Recently I've started working in a React-based project. I won't lie to you - I think React is just inherently wrong with the handicapped JSX syntax. There are better (faster) ways of dealing with templating than extending the underlying language syntax. But that is not all...

Looking at an average react project, what is immediately visible is a slew of walls of text. Nothing is made to look more SOLID. Not that it is not possible - quite the opposite. But the reality is that people take the simplest example that can possibly work and shove it in into production.

Essentially with the hooks (terrible idea, don't know why Vue has followed, probably only to get a bigger user base) everything is shoved into one, monstrous and enormous, function that gets executed over and over again, with no regard to single responsibility or open/closed principles. That makes the code not only hard to maintain, but above all a nightmare to maintain.

What that means is that React, in its simplest form (or even "on next.js") is just the beginning and even though you can force it to do your bidding it will require a lot of thought and extra code to make it DRY and SOLID.

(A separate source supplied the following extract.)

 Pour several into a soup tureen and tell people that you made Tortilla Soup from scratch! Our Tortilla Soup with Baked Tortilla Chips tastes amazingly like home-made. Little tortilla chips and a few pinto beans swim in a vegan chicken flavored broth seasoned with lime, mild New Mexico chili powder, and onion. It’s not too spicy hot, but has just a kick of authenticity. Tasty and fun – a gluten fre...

I won't even try to take a stab at state management, because the way it's done in React should be punishable by life in prison (both hooks and setState())

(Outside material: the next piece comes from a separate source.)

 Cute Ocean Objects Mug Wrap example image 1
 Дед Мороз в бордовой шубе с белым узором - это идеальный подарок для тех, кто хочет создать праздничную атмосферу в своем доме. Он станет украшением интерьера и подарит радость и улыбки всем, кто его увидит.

On the other end of the spectrum is Angular. There you have everything automatically forcibly split into entities (components, modules, templates) regardless if you need it or not. That's good if you're writing a big app, but for small ones it is a massive overhead that you probably are never going to use.

Then, somewhere in between the two, we have Vue. Template separation? Check! Truly reactive state? Check! Small size bundle? Check and Recheck (Vue implements tree-shaking on directive level, so if you don't use e.g. v-model then it won't be in the final bundle)!

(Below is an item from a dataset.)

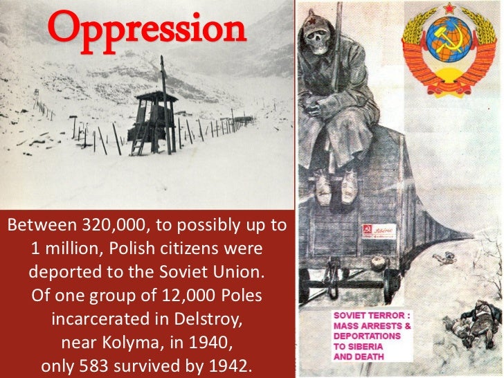 - 93. OppressionBetween 320,000, to possibly up to 1 million, Polish citizens were deported to the Soviet Union. Of one group of 12,000 Poles incarcerated in Delstroy, near Kolyma, in 1940, only 583 survived by 1942.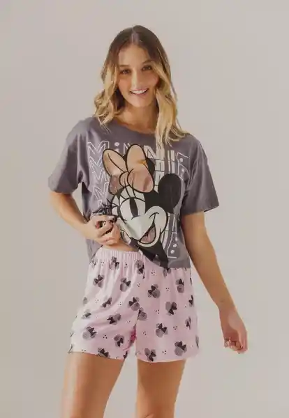Mickey Mouse Pijama Camiseta + Short Gris Talla M

I know this is just me ranting about react (mostly) but in my humble opinion one should first learn to code (properly, meaning learning how good code looks like) and then and only then take a look at libraries/frameworks such as react, angular or vue. If you're going to start from React you're going to (most likely) be a bad-ass React developer after a few weeks - just like being jQuery-ninja :) It will not make you even a decent developer.

And then, knowing all the SOLID, DRY, SD and TDD you'll find another "React developer" telling you that it is OK to shove everything into one function - because that's the React-way because the docs say so :)

Happy coding!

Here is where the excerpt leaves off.